水戸市保健所では、仕事場のホワイトボードや壁に進捗状況などを掲示して可視化することで業務の効率化を図った(永井大輔撮影)
水戸市保健所では、仕事場のホワイトボードや壁に進捗状況などを掲示して可視化することで業務の効率化を図った(永井大輔撮影)

 水戸市が昨年4月に「中核市」へ移行してから1年が経つ。中核市の代表的な仕事の一つに「保健所の設置」がある。移行初日は、くしくも市で初めて新型コロナウイルス感染者が確認された。水戸市保健所が新型コロナとどのように向き合ってきたか、土井幹雄所長に話を聞いた。(聞き手 永井大輔)

仕事後の達成感重視

 「新型コロナの感染が広がることは読めており、覚悟を決めていた」。感染症対策のプロは昨年4月の心境を振り返る。出来立ての保健所では、人員の数と質がともに不足しており、土井所長は、働き手の心を折らないために、厳しい仕事の後に達成感を持てるよう采配を振るった。

 情報共有を徹底し、課題とその解決方法などの業務結果を各仕事場に掲示して可視化。共有を続けるうちに、指揮能力や処理能力、整理能力など各職員のスキルが自然と浮き彫りになり、各分野にリーダー的存在が自然に生まれるようになった。
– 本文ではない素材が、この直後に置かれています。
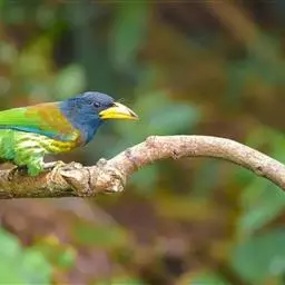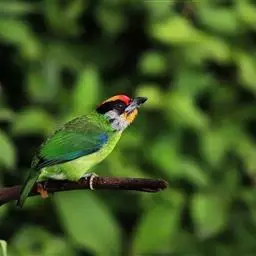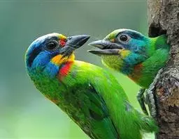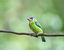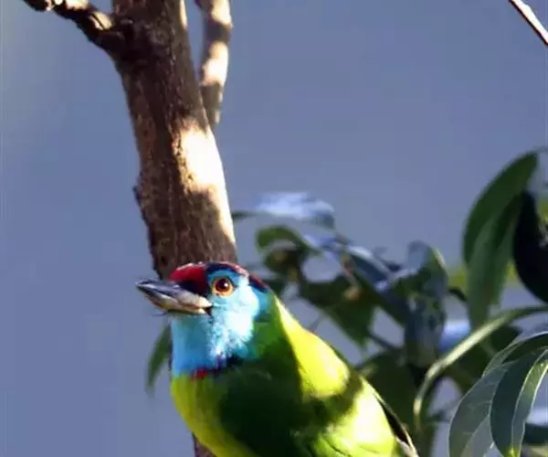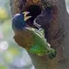 因为拥有良好的保护色,若不鸣叫很难发现它们的身影。以果实、浆果为主食,繁殖期育雏时则常以昆虫喂食幼鸟。常发出单调浑厚的“咯、咯、咯…”叫声,像极了和尚敲打木鱼的声音,加上头部参杂红、黄、蓝、绿、黑五色,所以又称为“森林里的花和尚”。繁殖期会在树干以其强而有力的嘴喙啄洞,巢筑于其内。

土井所長は「今、誰がどのように働いているかが見えることで、年齢や役職に関係なく、努力や結果といった能力で指揮を執る人が自然に決まる」と語る。

コロナ患者聞き取り向上

 感染確認後、保健所が行う拡大防止策は患者から接触者数や程度を聞き取ることから始まる。土井所長によると、患者の8割は感染のショックで話ができない。潜伏期間に何をしているかを聞くが、1週間前の行動は覚えていない人も少なくない。そのため、聞き取りには専門スキルを要する。